In the UK, the figure is 0.26 deaths per 100,000 people; or put it another way, you are 40 times more likely to be shot dead in the US as you are in the UK by a gun. In Australia, it’s 0.86 deaths per 100,000.
Hong Kong, South Korea and Singapore (in some countries in Asia the death penalty exists for even owning part of a gun) there are 0.03, 0.06 and 0.16 deaths per 100,000 people a year.
When you look at developed nations, the US simply has more guns and more gun deaths than anyone else. Only places like Honduras, El Salvador, Guatemala and Colombia have more per 100,000 population. Does anyone seriously not believe there is a link between access to firearms and the number of firearm related deaths, plus all the associated grief and costs that result?
So the weight of evidence is clearly for tighter gun control, but it’s the emotional argument (not rational) that holds sway. ‘Don’t take away our 2nd amendment rights / freedom’ chime the proponents of gun ownership. No, I’m not taking away your 2nd amendments rights to hold a gun or your freedom. In the same way you are free to smoke, eat burgers and drive cars, you have to accept there must be reasonable restrictions on what you can and cannot do with what is (by definition) a lethal weapon.

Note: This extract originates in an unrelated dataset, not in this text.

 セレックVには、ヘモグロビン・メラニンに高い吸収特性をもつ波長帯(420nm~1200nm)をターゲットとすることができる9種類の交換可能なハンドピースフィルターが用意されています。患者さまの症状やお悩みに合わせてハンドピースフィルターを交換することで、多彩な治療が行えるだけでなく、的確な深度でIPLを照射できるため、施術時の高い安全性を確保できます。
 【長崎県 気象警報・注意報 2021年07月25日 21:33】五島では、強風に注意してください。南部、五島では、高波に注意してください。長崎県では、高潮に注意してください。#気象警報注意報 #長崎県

We are about protecting the innocent (50 mass school shootings a year – are you serious?!) and the greater good, while still allowing you to own a gun, go down the rifle range, keep it under lock and key in a safe place.

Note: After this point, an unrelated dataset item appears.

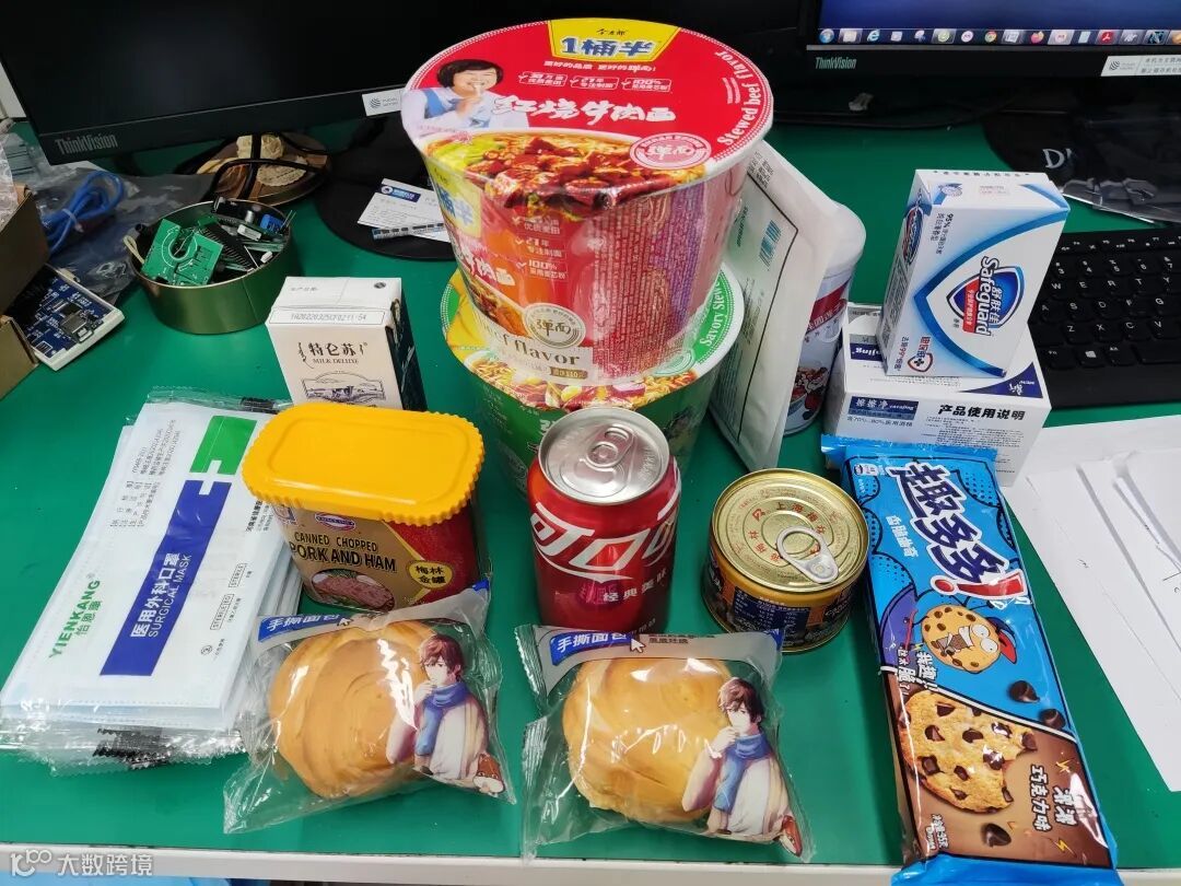 零食饮料方便面,床褥口罩消毒液,盒饭荤素搭配营养健康,来来来,给大家过过眼瘾,果然是我深深爱着的复旦微。

By the way, I like guns. I enjoyed shooting at a rifle range when I was a teenager. I grew up in the English countryside. Farmers and friends had guns. My Dad had an air rifle at home, and regularly went on shoots. I practised shooting the air rifle with my brothers, at cardboard pigeon targets out back when I was a kid. I loved it.
But don’t listen to me. Listen to Steve Elliott from the States, who, 6 days ago, posted on his Facebook how he destroyed his own gun page to remove 1 gun from the millions circulating in the US…
None of us individually can stop gun violence in America, but as a responsible gun owner, I will no longer be used as a justification for doing nothing about it. Today I did what I could. Today there is #ONELESSGUN.
It’s had 36,000 shares, and has been picked up my major media outlets around the world. Will something happen this time?